# DATA EXCERPT:

--------------------------------------------------

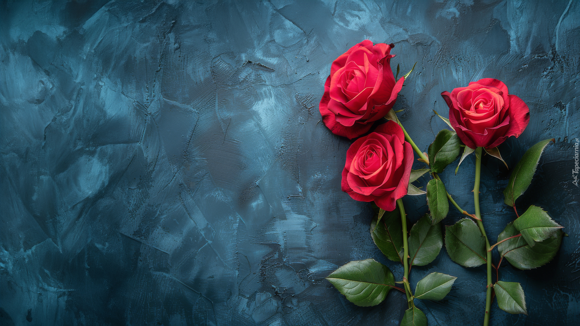 Edytor tapety: Trzy czerwone róże na ciemnym tle
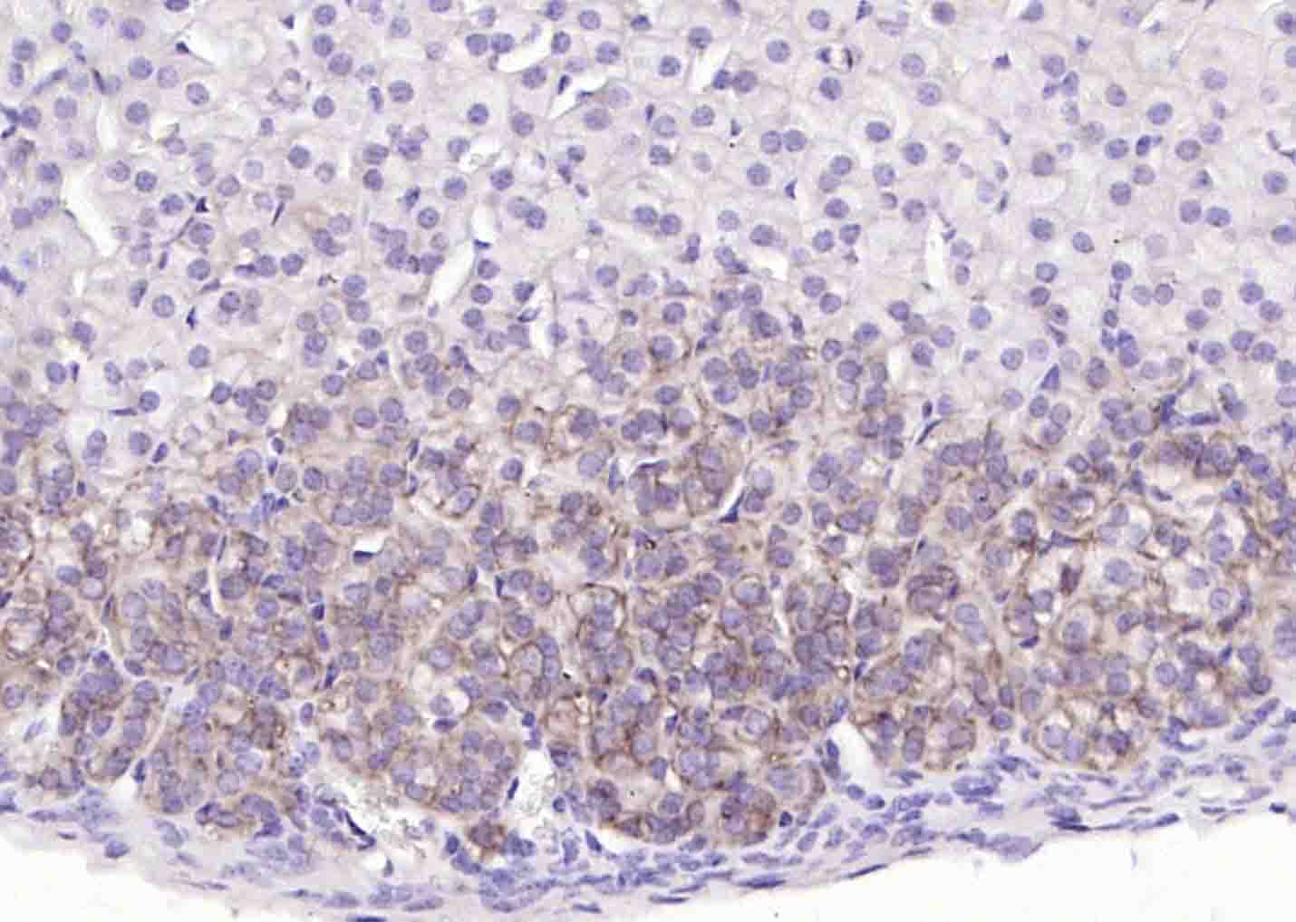 Paraformaldehyde-fixed, paraffin embedded Mouse Adrenal Gland; Antigen retrieval by boiling in sodium citrate buffer (pH6.0) for 15 min; Antibody incubation with ATP1A1 Polyclonal Antibody, Unconjugated (bs-9570R) at 1:200 overnight at 4°C, followed by conjugation to the bs-0295G-HRP and DAB (C-0010) staining.
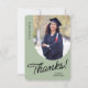 A graduate thank you card featuring a vertical photo with an arched edge. Personalize this sage green and black card with your own message of gratitude or use the one shown.
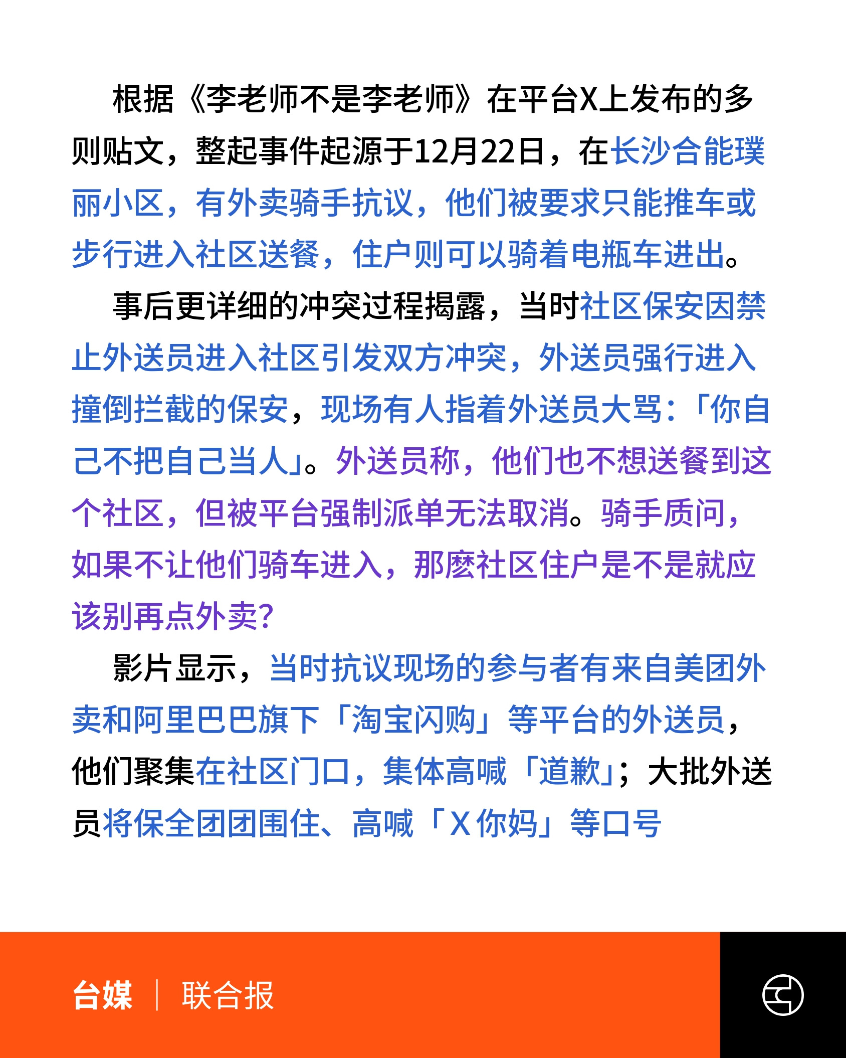 《联合报》长沙爆发外送员大规模抗争 事件延烧至今晨

--------------------------------------------------

# DIRECTIONS:
The answer should be an exact copy of the material, with its pictures removed.

# PROBLEM SOLUTION:
 Edytor tapety: Trzy czerwone róże na ciemnym tle
 Paraformaldehyde-fixed, paraffin embedded Mouse Adrenal Gland; Antigen retrieval by boiling in sodium citrate buffer (pH6.0) for 15 min; Antibody incubation with ATP1A1 Polyclonal Antibody, Unconjugated (bs-9570R) at 1:200 overnight at 4°C, followed by conjugation to the bs-0295G-HRP and DAB (C-0010) staining.
 A graduate thank you card featuring a vertical photo with an arched edge. Personalize this sage green and black card with your own message of gratitude or use the one shown.
 《联合报》长沙爆发外送员大规模抗争 事件延烧至今晨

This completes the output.